Emmanuel Macron estime qu’il ne faut pas répondre à un drame par des cris ou par la démagogie. Partagez-vous cette position ?
“On ne peut évidemment pas prétendre répondre efficacement aux crises par des cris et par la démagogie. Mais il ne faudrait pas non plus se contenter de commenter les drames ou de colmater une brèche avant de passer à autre chose. Il faut traiter les problèmes de fond qui empêchent les institutions de fonctionner correctement. Améliorer la communication entre les fichiers et les services permettrait probablement de sauver des vies.”

Comment expliquer que certains documents soient encore échangés par courrier postal entre des juridictions ?
“Nous avons découvert que des fichiers informatiques ne communiquaient pas entre eux et que des tribunaux échangeaient encore des courriers par la poste. Il existe pourtant des outils numériques simples permettant de transmettre rapidement des informations. L’argument selon lequel des vidéos seraient trop lourdes pour être transférées révèle l’inadaptation des équipements. On paie cher l’âge de pierre du numérique dans l’administration.”

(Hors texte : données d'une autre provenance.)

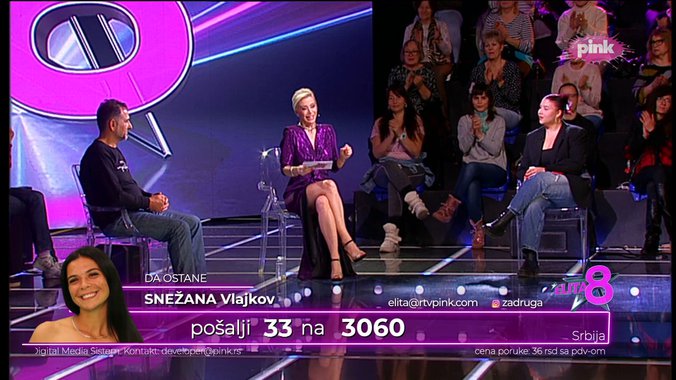 Upravo je počela emisija "Izbacivanje", a voditeljka Dušica Jakovljević u studiju je ugostila oca od Sneže Vlajković i sestru Jordanke Denčić Džordi.
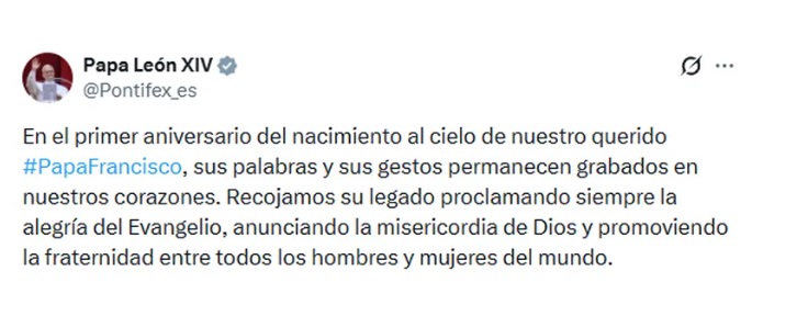 “En el primer aniversario del nacimiento al cielo de nuestro querido Papa Francisco, sus palabras y sus gestos permanecen grabados en nuestros corazones. Recojamos su legado proclamando siempre la alegría del Evangelio, anunciando la misericordia de Dios y promoviendo la fraternidad entre todos los hombres y mujeres del mundo”, expresó León XIV.
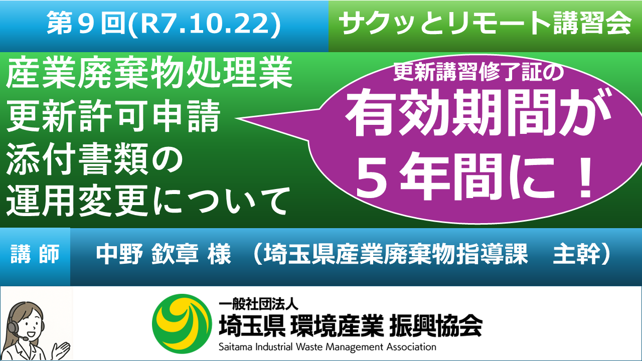 第9回 産業廃棄物処理業更新許可申請添付書類の運用変更について
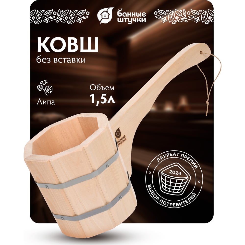 Бондарный ковш-черпак с горизонтальной ручкой Банные штучки 1.5 л 03591

L’hôpital connaît-il les mêmes difficultés informatiques que la justice ?
“J’ai la chance de travailler dans un hôpital moderne, mais tous les établissements français ne disposent pas des mêmes moyens humains et matériels. L’informatique hospitalière est une question absolument essentielle. Lorsqu’un patient effectue une radiographie ou un scanner dans un cabinet de ville, l’hôpital où il consulte ensuite ne peut pas toujours accéder facilement aux images. Il en va de même pour le dossier médical, ce qui n’est pas normal.”

Loi sur la fin de vie : "Les gens seuls, pauvres, risquent par défaut de demander l’euthanasie"

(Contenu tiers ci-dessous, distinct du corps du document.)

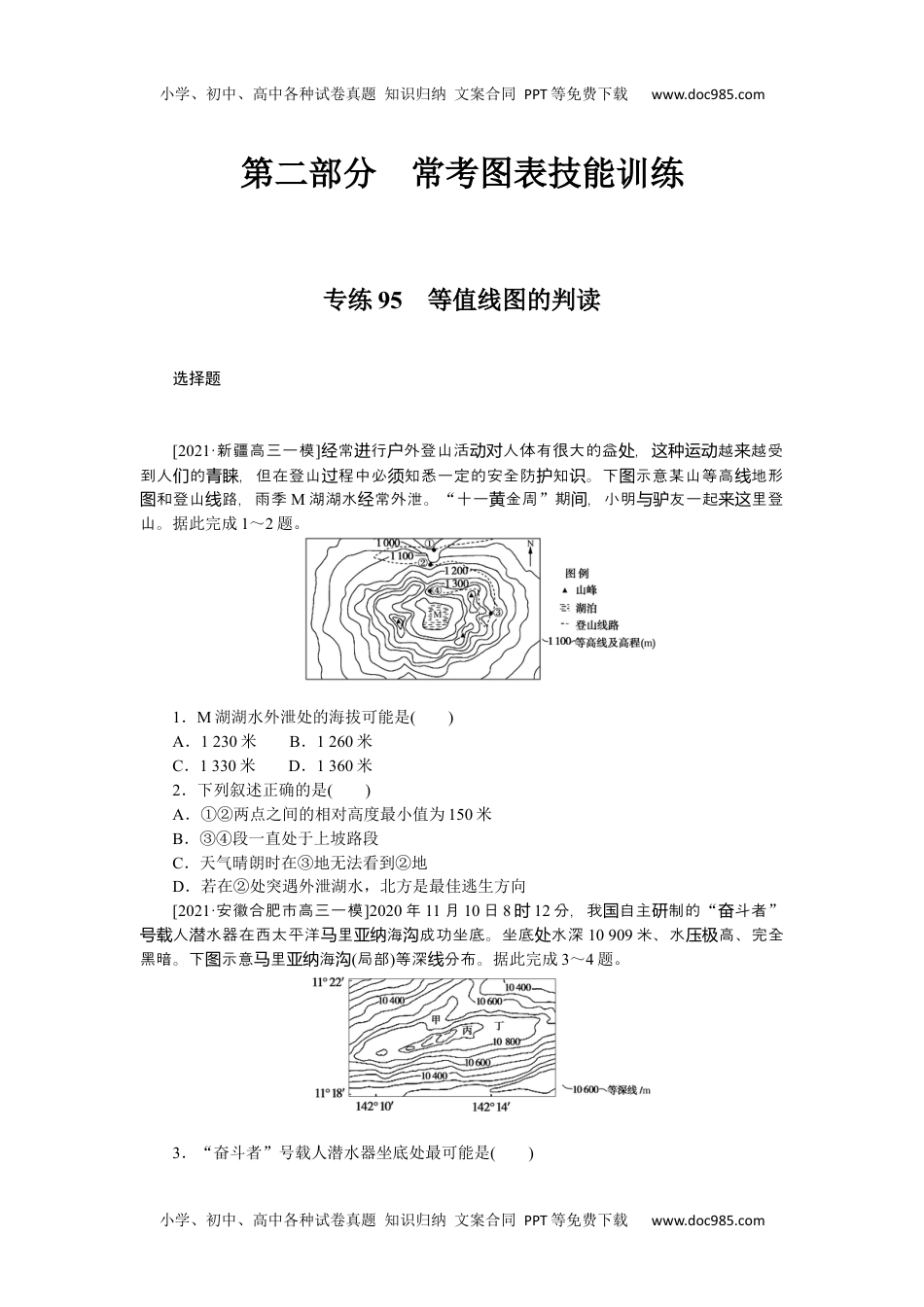 小学、初中、高中各种试卷真题知识归纳文案合同PPT等免费下载www.doc985.com小学、初中、高中各种试卷真题知识归纳文案合同PPT等免费下载www.doc985.com第二部分常考图表技能训练专练95等值线图的判读选择题[2021·新疆高三一模]常行外登山活人体有很大的益,越越受经进户动对处这种运动来到人的,但在登山程中必知悉一定的安全防知。下示意某山等高地形们青睐过须护识图线和登山路,雨季图线M湖湖水常外泄。经“十一金周黄”期,小明友一起里登间与驴来这山。据此完成1~2题。1.M湖湖水外泄处的海拔可能是()A.1230米B.1260米C.1330米D.1360米2.下列叙述正确的是()A.①②两点之间的相对高度最小值为150米B.③④段一直处于上坡路段C.天气晴朗时在③地无法看到②地D.若在②处突遇外泄湖水,北方是最佳逃生方向[2021·安徽合肥市高三一模]2020年11月10日8时12分,我自主制的国研“斗者奋”人潜水器在西太平洋里海成功坐底。坐底水深号载马亚纳沟处10909米、水高、完全压极黑暗。下示意里海图马亚纳沟(局部)等深分布。线据此完成3~4题。3.“奋斗者”号载人潜水器坐底处最可能是()小学、初中、高中各种试卷真题知识归纳文案合同PPT等免费下载www.doc985.com小学、初中、高中各种试卷真题知识归纳文案合同PPT等免费下载www.doc985.comA.甲地B.乙地C.丙地D.丁地4.“奋斗者”号载人潜水器成功下潜万米海底彰显了我国()①装备制造的发展②生物工程的发展③通信技术的进步④材料科学的进步A.①②③B.①②④C.①③④D.②③④[2021·山西大附中高二月考]下图为“四幅域等高区线图”,其中表示地表等高实线线,表示地表以下某一完整地表面等高,且等高海拔比虚线层线线较a>b>c>d。读图,回答5~6题。5.图中可能有河流发育的是()A.①②B.③④C.②③D.①④6.图中地形及其成因与下图相似的是()A.①B.②C.③D.④[2021·田莆调研]在期水和水的情下,土壤于嫌,有机分解十分长积滞况处气状态质缓慢,而使有机的累超有机的分解,即形成有机土。下某湖泊沼地的有机从层积过质图为泽土壤物等厚度,质线图读图回答7~9题。7.该湖泊沼泽地()A.有机土厚度甲大于乙B.有机土厚度甲乙可能相同C.有机土厚度甲小于乙小学、初中、高中各种试卷真题知识归纳文案合同PPT等免费下载www.doc985.com小学、初中、高中各种试卷真题知识归纳文案合同PPT等免费下载www.doc985.comD.有机土厚度与水域的深度无关8.影响有机土成土的主要因素是()①气温②湿度③成土母质④人类活动A.①②B.①③C.②③D.②④9.下列地区中,有机土面积广大的是()A.三江源自然保护区B.黄土高原C.四川盆地D.长江中下游平原[2021·成都摸底]如世界某大洲局部地某月等图为区温线(位:单℃)分布示意,图据此完成10~11题。10.M地气温最有可能是()A.18℃B.22℃C.28℃D.32℃11.导致甲、乙两地气温差异的主导因素是()A.纬度位置B.海陆差异C.地形起伏D.洋流性质[2021·邢台月考]下中沿海夏季海水多年平均透明度等图为国值线(位:单m)分布。图读图,完成12~14题。12.甲处等值线向北凸出的原因是()A.海水深度变小小学、初中、高中各种试卷真题知识归纳文案合同PPT等免费下载www.doc985.com小学、初中、高中各种试卷真题知识归纳文案合同PPT等免费下载www.doc985.comB.水质较清的暖流流经C.海水深度变大D.水质较浑的寒流流经13.冬季时,乙处数值为1的等值线将会()A.向东移动B.向南移动C.向西移动D.向北移动14.从总体看,图示各海域中渤海透明度最低,其原因是()①表层浮游生物密度大②周围地区人类活动强度高,污染物排放量大③入海河流含沙量大④海域较封闭,污染物难扩散A.①②③B.①②④C.①③④D.②③④山地迎面的比背面高很多,使等突然形或突然密集,可几根等风气压风压线变将压线用一形起,之地形等。地形等在山的迎面冷空一条锯齿线联结来称为压线压线应画风与气,山脉平行,不能穿山脉。下我部某山地某季地形等侧与横图为国东节压线(位:百帕单)。图读图完成15~16题。15.山地迎风面气压比背风面气压高的原因是()A.迎风面气温高B.迎风面气流下沉C.迎风面暖空气堆积D.迎...

Pourquoi restez-vous opposé au projet de loi sur la fin de vie en tant que médecin ?
“Je considère que les termes du débat ont été mal posés. Lorsqu’on demande aux Français s’ils préfèrent mourir dans d’affreuses souffrances ou pouvoir choisir leur mort, la réponse est évidemment prévisible. Mais ce n’est pas la véritable question qui se pose. Comme médecin, je ne veux pas qu’un patient se demande, lorsque j’entre dans sa chambre en blouse blanche, si je viens le soigner ou lui proposer la mort.”

Craignez-vous que l’euthanasie soit demandée faute d’un accès suffisant aux soins palliatifs ?
“Ma crainte est que, dans un système de santé paupérisé, l’euthanasie devienne une réponse par défaut en raison de l’insuffisance des soins palliatifs et de la prise en charge de la douleur. Pour obtenir une consultation spécialisée contre la douleur, le délai peut actuellement atteindre plusieurs mois. Dans le même temps, la procédure conduisant à l’euthanasie pourrait être beaucoup plus rapide. Cette différence d’accès crée un risque majeur pour les patients les plus fragiles.”

Estimez-vous que cette situation toucherait d’abord les personnes les plus vulnérables ?
“Les gens seuls, pauvres, qui ne pourront pas être correctement soignés, soulagés ou accompagnés, risquent par défaut de demander l’euthanasie. Le problème n’est pas que l’on chercherait volontairement à faire des économies sur leur prise en charge. Le problème est que les soins dont ils auraient besoin ne seront pas nécessairement accessibles au bon moment. Leur décision pourrait donc être influencée par l’absence d’une véritable alternative.”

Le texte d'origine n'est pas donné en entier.